- First light novel volume cover, featuring Anisphia (left) and Euphyllia (right)

転生王女と天才令嬢の魔法革命 (Tensei Ōjo to Tensai Reijō no Mahō Kakumei)
- Genre: Isekai; Yuri;
- Written by: Piero Karasu
- Published by: Shōsetsuka ni Narō
- Original run: February 13, 2019 – August 19, 2021
- Written by: Piero Karasu
- Illustrated by: Yuri Kisaragi
- Published by: Kadokawa Shoten
- English publisher: NA: Yen Press;
- Imprint: Fujimi Fantasia Bunko
- Original run: January 18, 2020 – February 20, 2026
- Volumes: 13 (List of volumes)
- Written by: Piero Karasu
- Illustrated by: Harutsugu Nadaka
- Published by: ASCII Media Works
- English publisher: NA: Yen Press;
- Magazine: Dengeki Maoh
- Original run: July 27, 2020 – March 27, 2026
- Volumes: 9 (List of volumes)
- Directed by: Shingo Tamaki
- Written by: Wataru Watari
- Music by: Moe Hyūga
- Studio: Diomedéa
- Licensed by: Crunchyroll SA/SEA: Muse Communication;
- Original network: AT-X, Tokyo MX, TVA, Kansai TV, BS11
- Original run: January 4, 2023 – March 22, 2023
- Episodes: 12 (List of episodes)
- Anime and manga portal

= The Magical Revolution of the Reincarnated Princess and the Genius Young Lady =

Japanese light novel series and its franchise

 is a Japanese light novel series written by Piero Karasu and illustrated by Yuri Kisaragi. The series follows Anisphia, a princess who uses her memories of a past life to pursue her theory of "magicology", and Euphyllia, a talented magic user left disgraced after the kingdom's prince breaks off their engagement.

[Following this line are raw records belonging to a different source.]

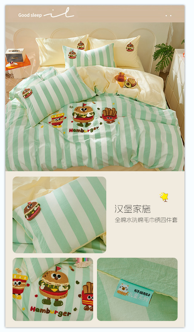 当前位置: 91家纺网 > 商品网购 > 床品套件 > 四件套 > 毛巾绣四件套 > 徕米家居 2025新款色织全棉水洗棉毛巾绣四件套 汉堡家族
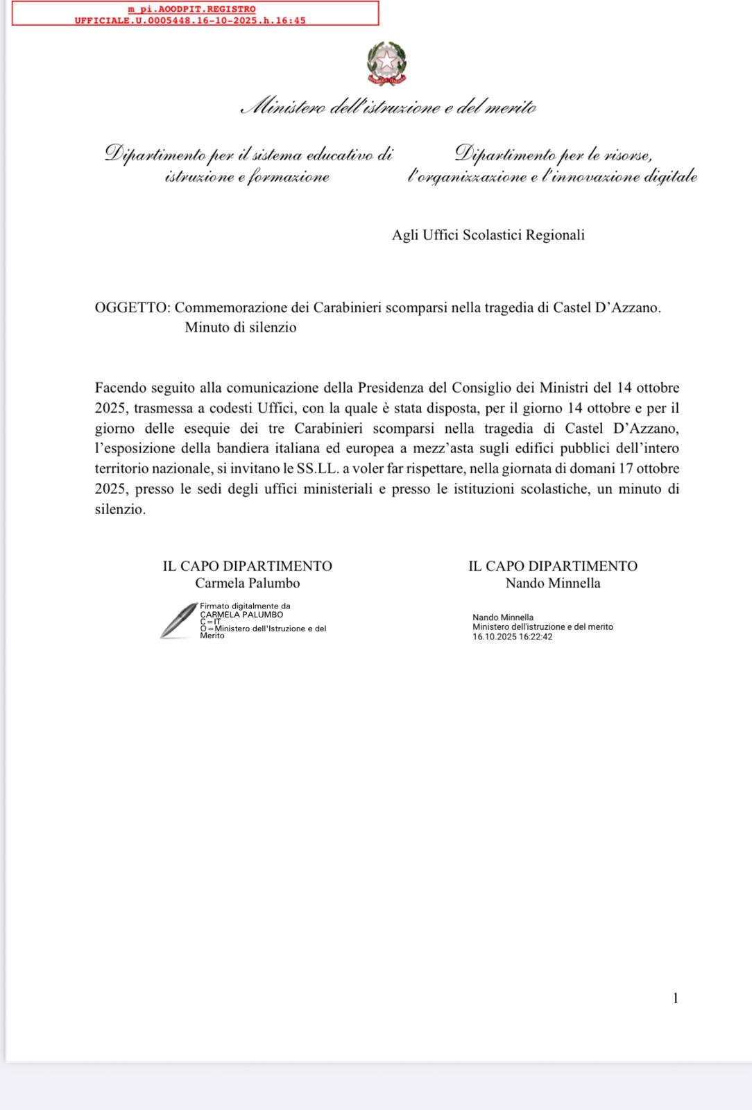 Si comunica che domani 17 ottobre 2025 verrà osservato un minuto di silenzio alle ore 10:30 presso le sedi degli uffici ministeriali e le istituzioni scolastiche per commemorare i Carabinieri scomparsi nella tragedia di Castel D’Azzano.
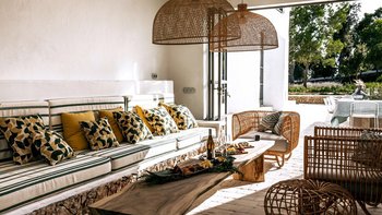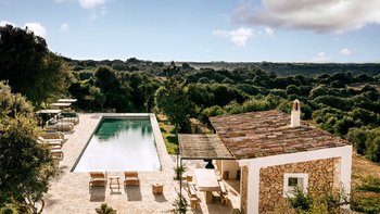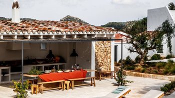 Mit herrlichem Blick auf die wunderschöne Landschaft und verschiedene Terrassen, die verschiedene Orte zum Essen im Freien, Entspannen und Sundownern bieten, wurde dieses prächtige Anwesen auf Menorca sorgfältig mit viel Liebe zum Detail restauriert, um ein sehr komfortables und informelles Ferienhaus zu bieten, das mit interessanten Dekorationsobjekten ausgestattet ist, ergänzt durch schöne Möbelstücke, Teppiche, Kunstwerke und Fotografien, die der Eigentümer aus der ganzen Welt bezogen hat.
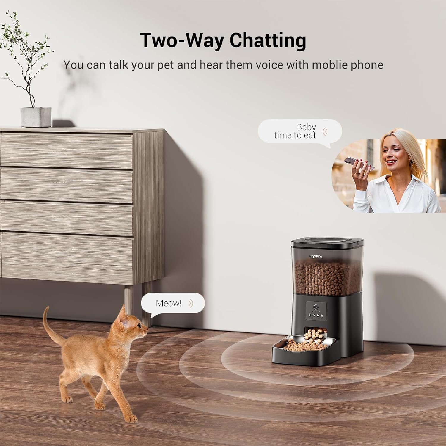 Tweezijdige audio- en maaltijdoproep: blijf verbonden met uw huisdier met behulp van het tweerichtingsaudiosysteem; interactie met ingebouwde luidsprekers en microfoon in realtime; Noteer een gepersonaliseerd spraakbericht tot tien seconden lang om automatisch te spelen tijdens het voeden, waardoor uw huisdier wordt herinnerd, het is de maaltijd
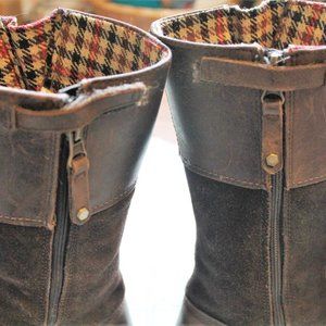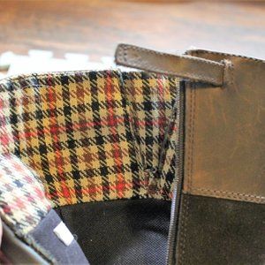 Dark brown leather & suede with side top buckle and plaid lining at top
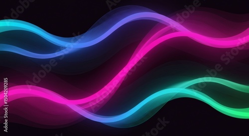 Abstract Neon Waves Flowing Across Dark Background with Gradient Colors
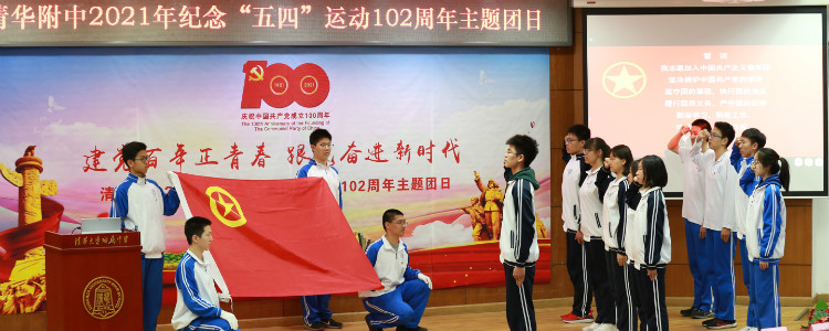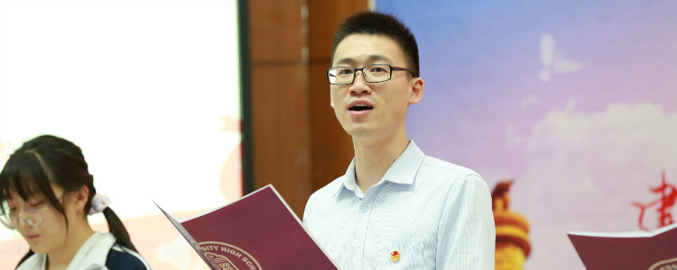 主题团日由团委副书记高1911班沈芸伍同学主持,在庄严的国歌声中,主题团日正式开始。首先,团委书记任星阳老师宣布2020-2021学年第二学期新团员名单。接着,与会老师们为新团员代表颁发了团员证、团章、团徽套盒并为他们佩戴团徽。随后,在团委秘书长高1911班宋清岳同学的带领下,全体团员在团旗下庄严宣誓。

The series was first serialized on the user-generated novel publishing website Shōsetsuka ni Narō between February 2019 and August 2021. It was later acquired by Fujimi Shobo, which published the series in print between January 2020 and February 2026 under its Fujimi Fantasia Bunko imprint. From July 2020 to March 2026, a manga adaptation with art by Harutsugu Nadaka was serialized in ASCII Media Works' Dengeki Maoh. An anime television series adaptation produced by Diomedéa aired from January to March 2023.

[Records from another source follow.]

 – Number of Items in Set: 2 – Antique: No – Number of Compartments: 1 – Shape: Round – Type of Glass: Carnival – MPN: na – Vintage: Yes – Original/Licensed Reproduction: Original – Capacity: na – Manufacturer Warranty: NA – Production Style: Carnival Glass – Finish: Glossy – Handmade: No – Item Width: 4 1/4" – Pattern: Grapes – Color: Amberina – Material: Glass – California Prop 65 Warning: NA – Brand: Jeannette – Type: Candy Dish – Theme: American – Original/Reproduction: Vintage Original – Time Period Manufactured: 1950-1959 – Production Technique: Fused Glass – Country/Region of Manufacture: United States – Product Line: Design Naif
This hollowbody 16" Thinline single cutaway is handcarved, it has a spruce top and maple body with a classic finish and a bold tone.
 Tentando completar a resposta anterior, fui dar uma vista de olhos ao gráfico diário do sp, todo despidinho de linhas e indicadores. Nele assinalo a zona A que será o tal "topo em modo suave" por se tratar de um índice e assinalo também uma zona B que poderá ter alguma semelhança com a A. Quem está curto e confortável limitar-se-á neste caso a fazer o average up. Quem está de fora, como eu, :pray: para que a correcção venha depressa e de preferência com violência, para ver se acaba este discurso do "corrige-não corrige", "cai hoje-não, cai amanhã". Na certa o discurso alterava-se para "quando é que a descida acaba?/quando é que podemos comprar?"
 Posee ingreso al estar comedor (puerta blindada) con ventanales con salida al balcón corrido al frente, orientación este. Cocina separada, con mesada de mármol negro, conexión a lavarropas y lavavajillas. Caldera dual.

Karasu wrote the original story with the intent to break from conventions found in isekai, a genre of fiction involving travel or reincarnation into different worlds. Accordingly, he wrote Anisphia to only recall a few memories after her reincarnation rather than her full past life and personality. Furthermore, although Karasu did not originally intend to write about yuri, a genre featuring intimate relationships between female characters, he decided to focus more on the main characters' romantic relationship as serialization progressed. For the subsequent adaptions into different mediums, several adjustments were made, including the changing of character designs from the light novels and the addition of original scenes for the anime adaptation.

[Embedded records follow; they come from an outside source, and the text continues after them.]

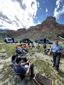 Tuesday evening provided a delightful interlude, with Carrie Craft, a connoisseur in the wine industry, curating a memorable tasting experience for the group. Against the backdrop of the wilderness, attendees savored exquisite wine pairings, including the unexpected delight of Kramer Vineyard’s aged Blanc de Blanc Sparkling paired with Kettle Corn. Amidst laughter and camaraderie, participants shared tales of their own van life experiences, further strengthening the bonds formed during the journey.
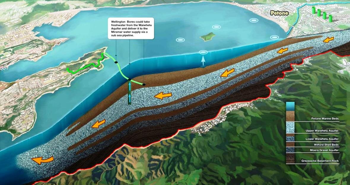 Az új-zélandi Waiwetu víztartó fejlesztési terv. A tengerfenék alatt található artézi vízforrás biztosítja Wellington lakosságának édesvízszükségletének 70%-át. Kép forrása: https://www.wellingtonwater.co.nz/
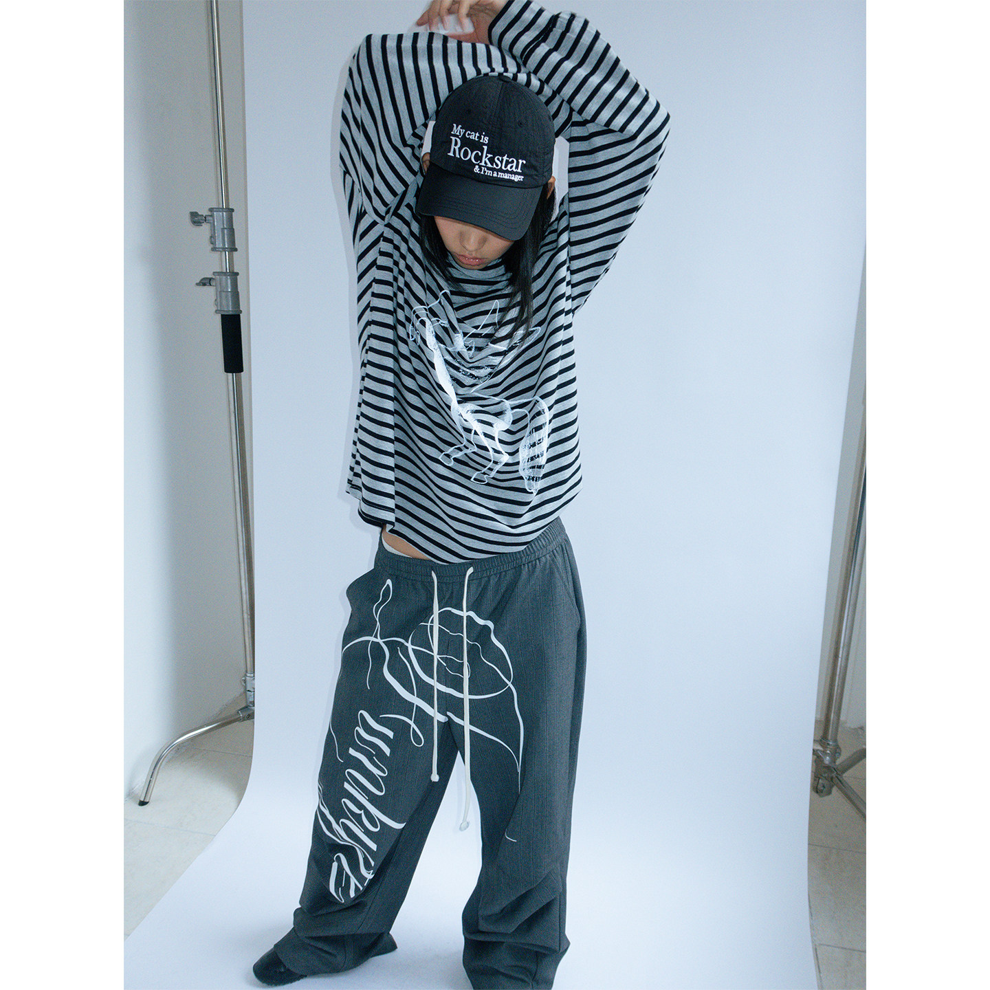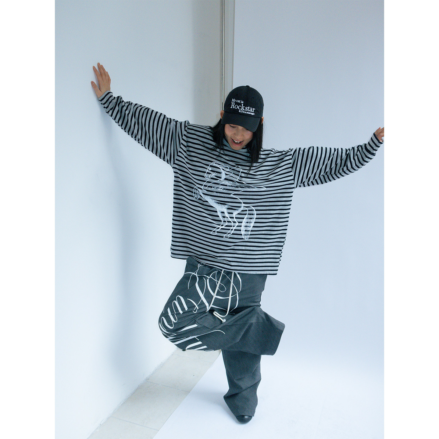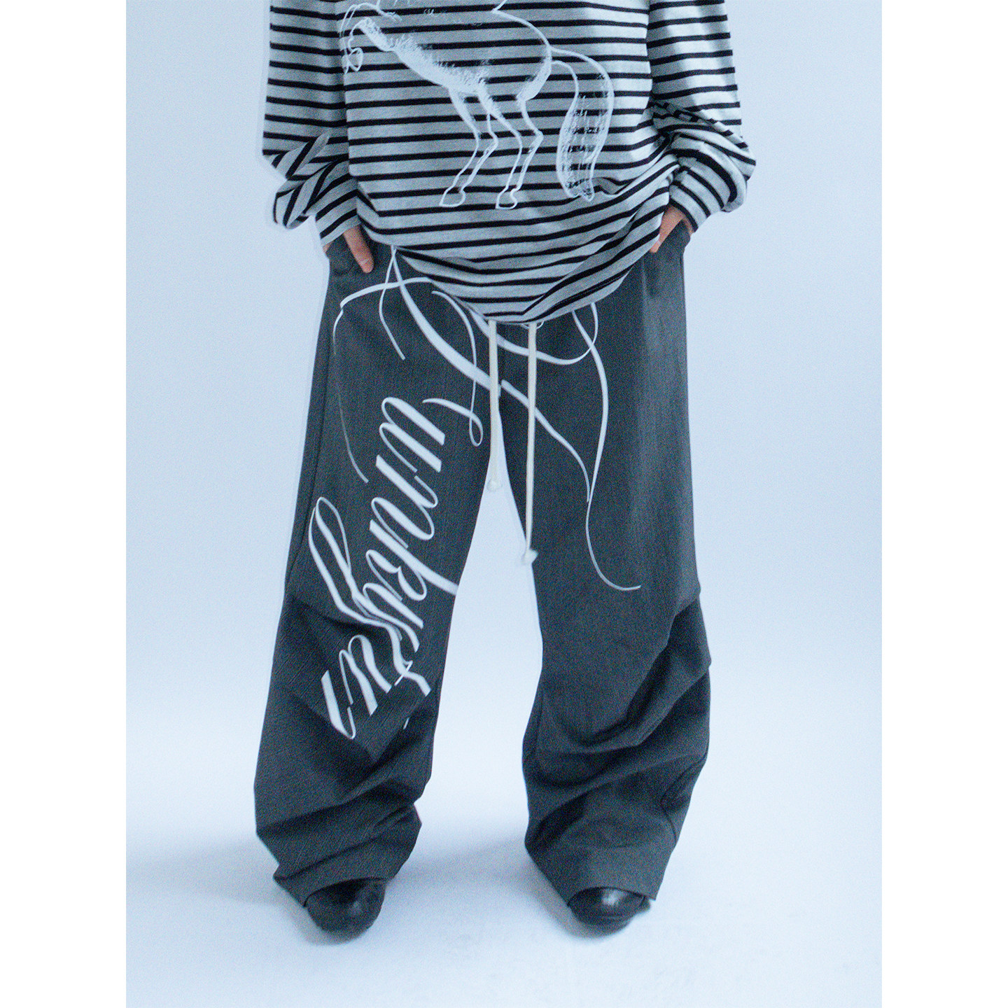 FUNKYFUN 原创手绘Logo涂鸦西装裤先锋设计悬垂阔腿裤暗条纹长裤

By December 2023, the light novels had over 1 million copies in circulation. The light novels and manga adaptation have been well received by critics for the story's premise and characters, though its pacing has been met with more mixed reactions. The anime adaptation was similarly well received, with particular praise for its production value, and was named by several critics as being among the best of the year.

==Plot==
In a fantastical kingdom named Palettia, nobles are distinguished from commoners due to their ability to use magic. However, the kingdom's princess, Anisphia, lacks this ability despite her royal ancestry. As a child, she regains memories of her previous life in a modern civilization, and uses these memories to become an inventor of magical gadgets. During a mishap with her flying broomstick, she stumbles upon her brother, Crown Prince Algard, breaking off his engagement to his fiancée, Euphyllia. To shield Euphyllia from further scandal, Anisphia invites her to become a live-in research assistant. The pair work together to defeat a dragon, which yields Anisphia a crystal that lets her indirectly wield the dragon's magic. Shortly after, she discovers that Lainie, a commoner-turned-noble rumored to be Algard's love interest, is a vampire. Lainie moves to Anisphia's residence to bring her vampiric powers under control, but is attacked by Algard, who becomes a vampire himself by seizing Lainie's magical crystal. His plan to exploit his powers to rule as a tyrant is quickly foiled by Anisphia; he ultimately admits to her that he feels unfit to rule.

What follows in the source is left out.